- _Given entries_:
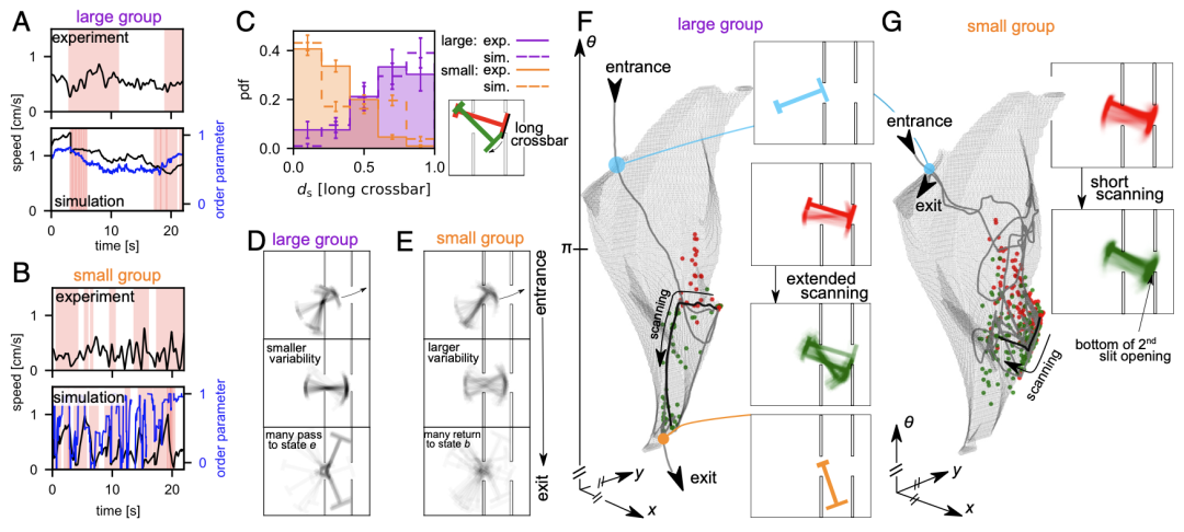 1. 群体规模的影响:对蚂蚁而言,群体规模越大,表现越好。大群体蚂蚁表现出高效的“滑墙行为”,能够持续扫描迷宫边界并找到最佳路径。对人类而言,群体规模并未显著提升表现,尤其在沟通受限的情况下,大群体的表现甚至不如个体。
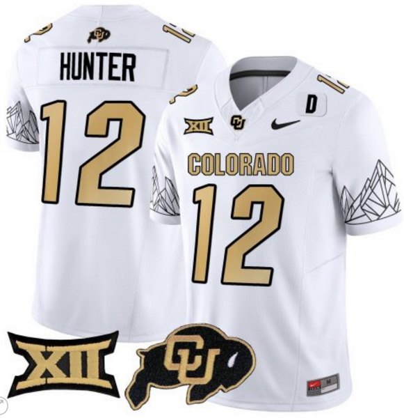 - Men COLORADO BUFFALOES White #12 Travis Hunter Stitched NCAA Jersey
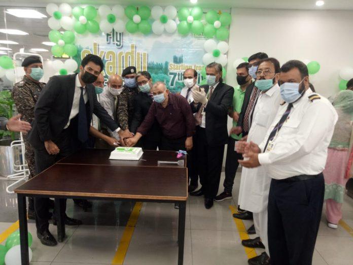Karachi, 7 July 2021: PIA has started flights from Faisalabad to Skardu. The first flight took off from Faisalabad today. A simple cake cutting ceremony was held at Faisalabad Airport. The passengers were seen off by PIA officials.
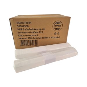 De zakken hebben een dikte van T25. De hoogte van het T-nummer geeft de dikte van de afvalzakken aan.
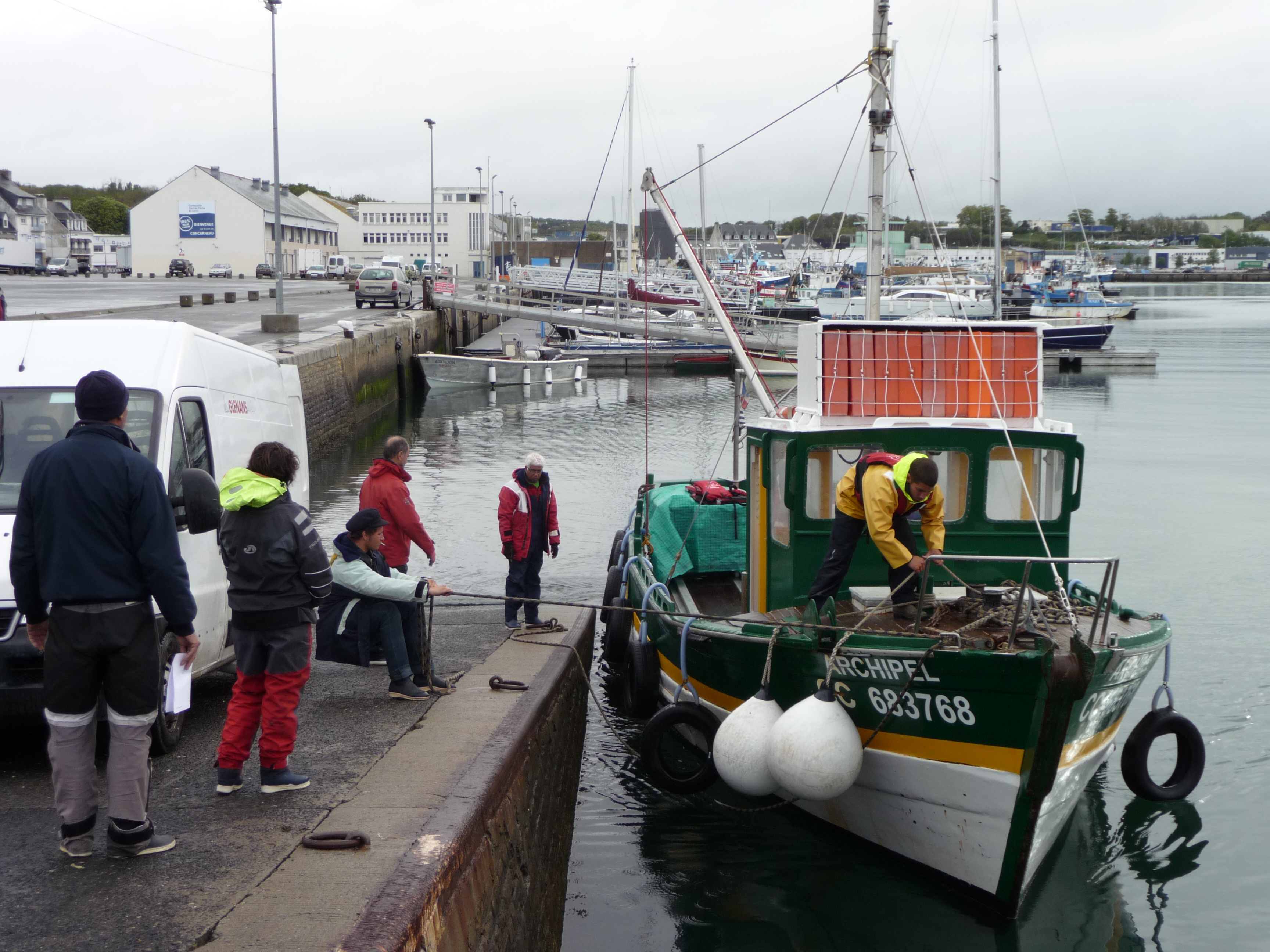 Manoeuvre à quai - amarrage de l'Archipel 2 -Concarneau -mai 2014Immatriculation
...
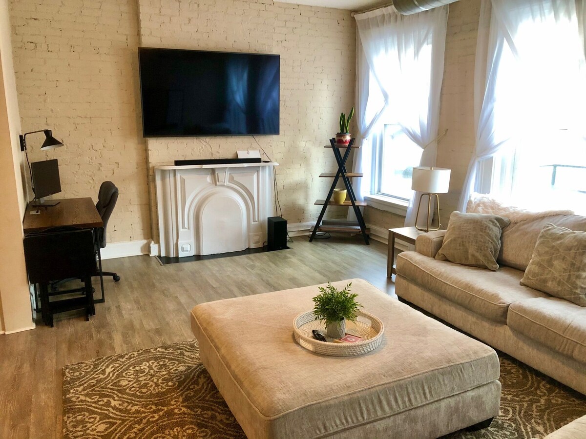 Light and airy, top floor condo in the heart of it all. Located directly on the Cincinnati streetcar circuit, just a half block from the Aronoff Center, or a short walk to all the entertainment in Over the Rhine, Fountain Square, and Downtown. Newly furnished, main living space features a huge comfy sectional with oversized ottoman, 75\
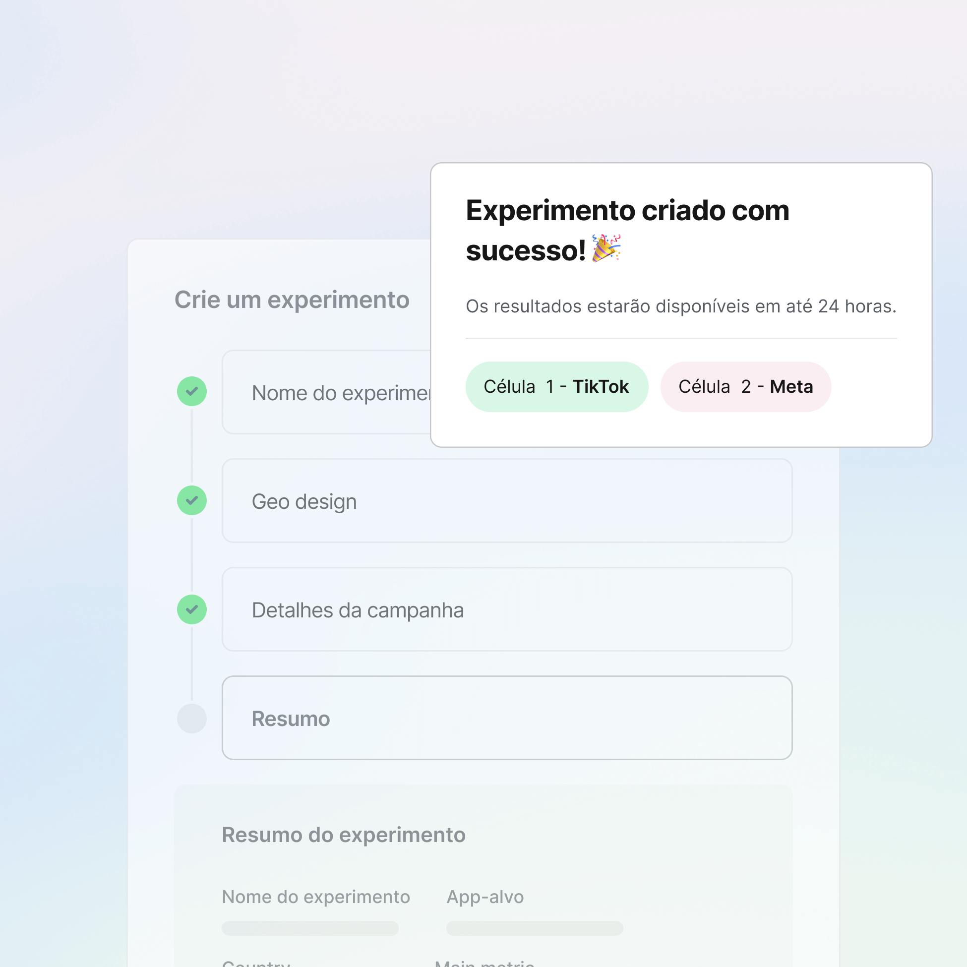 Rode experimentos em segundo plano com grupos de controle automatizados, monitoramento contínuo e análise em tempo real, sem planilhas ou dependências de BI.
==
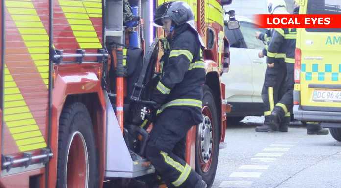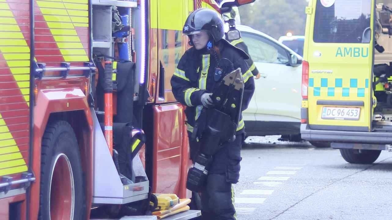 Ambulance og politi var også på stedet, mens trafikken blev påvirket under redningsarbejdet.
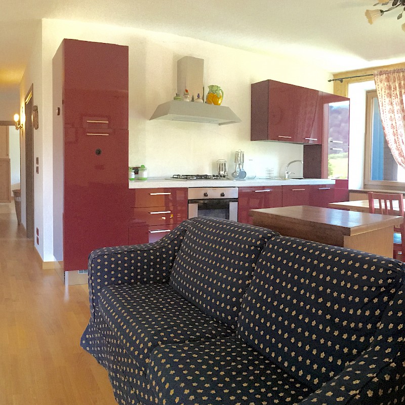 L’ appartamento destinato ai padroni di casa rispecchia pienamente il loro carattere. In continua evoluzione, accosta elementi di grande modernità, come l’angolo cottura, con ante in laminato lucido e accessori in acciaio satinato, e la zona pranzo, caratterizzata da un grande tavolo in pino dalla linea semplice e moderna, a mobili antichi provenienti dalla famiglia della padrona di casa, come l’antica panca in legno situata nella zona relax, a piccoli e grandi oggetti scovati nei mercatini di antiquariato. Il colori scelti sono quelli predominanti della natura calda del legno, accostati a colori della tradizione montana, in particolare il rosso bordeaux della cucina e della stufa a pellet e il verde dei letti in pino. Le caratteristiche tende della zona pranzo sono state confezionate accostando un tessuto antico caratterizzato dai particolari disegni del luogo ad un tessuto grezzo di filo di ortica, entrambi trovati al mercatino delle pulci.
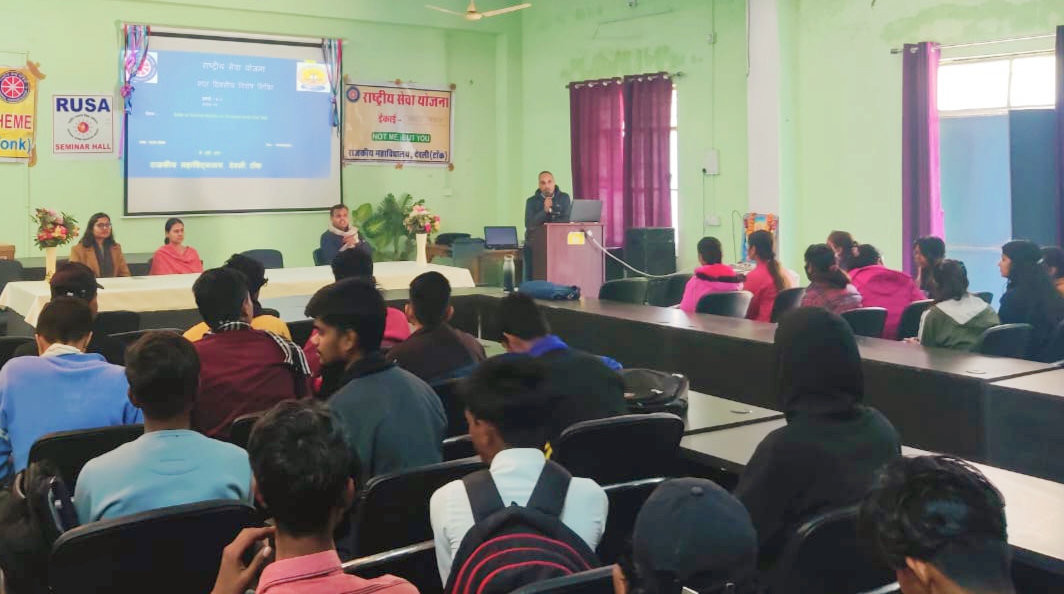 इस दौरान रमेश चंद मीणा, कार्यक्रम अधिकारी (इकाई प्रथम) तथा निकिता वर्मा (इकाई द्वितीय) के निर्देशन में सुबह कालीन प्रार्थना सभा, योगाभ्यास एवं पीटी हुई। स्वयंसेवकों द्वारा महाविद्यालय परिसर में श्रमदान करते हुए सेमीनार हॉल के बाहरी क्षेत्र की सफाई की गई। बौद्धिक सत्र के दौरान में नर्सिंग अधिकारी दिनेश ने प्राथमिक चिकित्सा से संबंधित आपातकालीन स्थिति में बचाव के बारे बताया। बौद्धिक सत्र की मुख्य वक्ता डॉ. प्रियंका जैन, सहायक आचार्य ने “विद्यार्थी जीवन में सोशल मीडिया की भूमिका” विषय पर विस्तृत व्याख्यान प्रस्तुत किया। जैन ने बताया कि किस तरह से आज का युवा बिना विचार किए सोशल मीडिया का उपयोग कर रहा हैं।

- _Task statement_: Copy only these lines from the records above, exactly: the one with "- Men COLORADO", the one with "Manoeuvre à quai", and those between. Skip the pictures.

- _Worked solution_:
 - Men COLORADO BUFFALOES White #12 Travis Hunter Stitched NCAA Jersey
Karachi, 7 July 2021: PIA has started flights from Faisalabad to Skardu. The first flight took off from Faisalabad today. A simple cake cutting ceremony was held at Faisalabad Airport. The passengers were seen off by PIA officials.
 De zakken hebben een dikte van T25. De hoogte van het T-nummer geeft de dikte van de afvalzakken aan.
 Manoeuvre à quai - amarrage de l'Archipel 2 -Concarneau -mai 2014Immatriculation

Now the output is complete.